Modern Calcutta rests atop a grand geological phenomenon spanning hundreds of millions of years. In the Jurassic age (190–136 million years ago), the Indian subcontinent broke free from the southern supercontinent Gondwana and drifted northward. By the Eocene (54–38 million years ago), it rammed into the Eurasian and East Asian plates, thrusting up the Himalayas and Arakan Yomas. These titanic collisions triggered not only mountain‑building but also the gradual subsidence of Bengal’s northeastern flank—creating the vast Bengal Basin that would cradle future Calcutta.

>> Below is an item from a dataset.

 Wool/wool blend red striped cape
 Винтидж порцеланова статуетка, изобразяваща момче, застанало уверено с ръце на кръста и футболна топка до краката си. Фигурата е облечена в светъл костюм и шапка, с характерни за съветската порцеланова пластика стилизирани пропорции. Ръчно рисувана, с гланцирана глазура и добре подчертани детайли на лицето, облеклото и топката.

The basin’s shape was sculpted by two great faults: a subduction zone beneath the Himalayas and a transform fault along the Arakan Yomas. Between these lay the Garo‑Rajmahal gap, splitting the basin into a fore‑deep to the north and a tectonic trough to the south. Over the Pliocene (7–3 million years ago), sediments from the newly uplifted Himalayas—carried by the Ganges and Brahmaputra—filled the trough, building up the Indo‑Gangetic plain layer by layer. By the late Pleistocene, repeated sea incursions and regressions deposited alternating marine and freshwater layers, leaving a complex stratigraphy of gravel, sand, silt, and clay.

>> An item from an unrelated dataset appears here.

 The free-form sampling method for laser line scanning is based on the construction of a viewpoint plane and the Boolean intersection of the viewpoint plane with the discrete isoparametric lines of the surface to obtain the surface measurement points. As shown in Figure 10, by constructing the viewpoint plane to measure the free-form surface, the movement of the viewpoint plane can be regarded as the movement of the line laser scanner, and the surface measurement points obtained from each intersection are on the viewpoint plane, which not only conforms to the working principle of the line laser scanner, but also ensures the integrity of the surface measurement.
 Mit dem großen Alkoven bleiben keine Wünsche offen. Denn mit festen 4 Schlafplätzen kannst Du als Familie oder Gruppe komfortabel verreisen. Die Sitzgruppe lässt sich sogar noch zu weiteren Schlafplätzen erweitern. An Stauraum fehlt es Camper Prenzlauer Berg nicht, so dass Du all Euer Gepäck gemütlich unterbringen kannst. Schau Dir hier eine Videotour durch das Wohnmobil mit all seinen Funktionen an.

Evidence for Calcutta’s ongoing descent comes from 19th‑century boreholes and excavations. A well dug near the Hooghly in 1814 revealed 32 feet of subsidence beneath ancient peat beds; similar tests in Fort William (1836–40) recorded up to 50 feet of sinking, with buried Sundri trunks and fish‑scale limestones marking former shorelines . Even today, minor earthquakes in the eastern Himalayas hint that the Bengal Basin—and its urban crown—has not yet reached equilibrium.

Understanding this subterranean story reframes Calcutta not simply as a colonial city but as a deltaic marvel born of tectonic drama and riverine artistry. Each monsoon, when the rivers swell, they echo the movements of plates far to the north; each tremor carries memory of the subducted Indian craton. Beneath our feet lies a living archive of earth’s restless past, revealing how Calcutta emerged from the interplay of continents, oceans, and time itself.